ABSTRACT
Historical importance, aesthetics, build quality, and rarity are characteristic features that individually or collectively define a car as a classic. Keeping the authenticity of those masterpieces, i.e., maintaining them as close as possible to when they left the factory, requires expert restoration services. For this purpose, guidelines are defined for classic car restoration.
Monitoring the classic car restoration process so that its evidence is recorded automatically is essential to reducing the need for a man-in-the-middle in controlling this process.
Therefore, this dissertation aims to detect the restoration processes performed on a classic car in a restoration workshop by combining energy consumption sensing with location and other sensing techniques (e.g., vibration).
A state-of-the-art structured literature review was done so we could make well-informed decisions according to the system’s requirements. In addition, the research taught us more about the methodologies and technologies of Intrusive Load Monitoring (ILM) systems, Location systems, and Internet of Things (IoT) / Industrial Internet of Things (IIoT) systems.

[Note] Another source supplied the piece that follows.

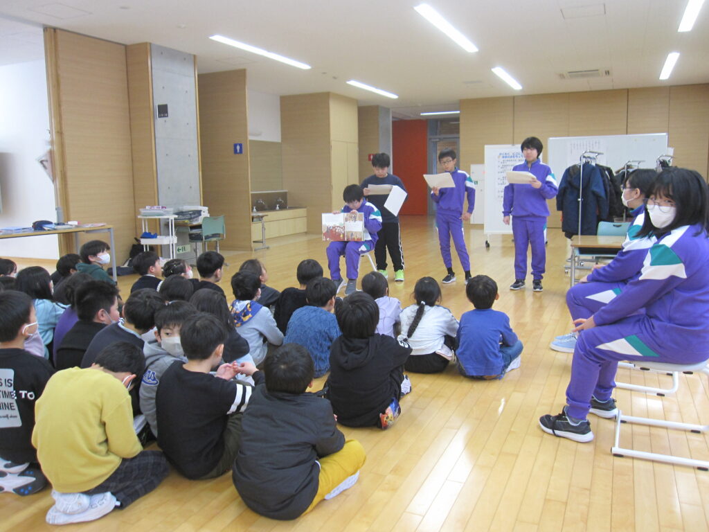 読書タイムには、ブック委員会による読み聞かせが低学年に行われました。
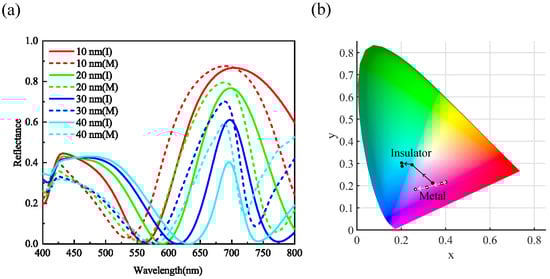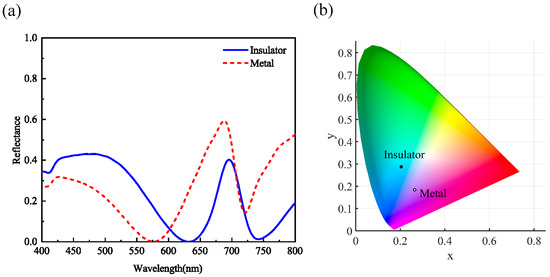 The reflectance spectra of the FROC device are presented in Figure 4a, demonstrating variations induced by changes in the device temperature that facilitate phase transitions in VO2. This spectral result exhibits an asymmetric line characteristic of Fano resonance phenomena in the long-wavelength region of the spectrum. A comparative analysis with the reflection spectra from both broadband and narrowband filters indicates that within the short-wavelength region of the visible spectrum, the reflection spectra of the device primarily originated from the upper broadband filter, and there is minimal impact on performance due to a trough observed around 440 nm in the narrowband filter. In contrast, within the long-wavelength range of the visible spectrum, both the two filters are effectively coupled to excite Fano resonance effects, resulting in resonance peaks appearing at wavelengths of approximately 695 nm and 688 nm, with a reflectance peak reaching up to 40.2% when VO2 exists in its insulating state and increasing to 59.3% when it transitions into its metallic state, respectively. Their corresponding chromaticity coordinates have been calculated from the spectral data and plotted in the CIE1931 chromaticity diagram. As illustrated in Figure 4b, by modulating the phase transition state of VO2, the device demonstrates its capability to reflect two distinct colors, blue and fuchsia, with a chromatic difference ∆E2000 as high as 36.7. Compared with the existing FROC design, this device can maintain good color saturation while maintaining an excellent dynamic color rendering range.

After an exhaustive comprehension of the problem, analysis requirements, and development, it was possible to reach an efficient and reliable process identification system. By combining location data, energy loads identified, and vibrations detection, using, along the way Machine Learning (ML) algorithms, we can infer some of the restoration processes each classic car goes through in the workshop (Painting, Curing, Sanding, Mineral Blasting). Also, a web application was developed to support the control of the existing sensors in the workshop.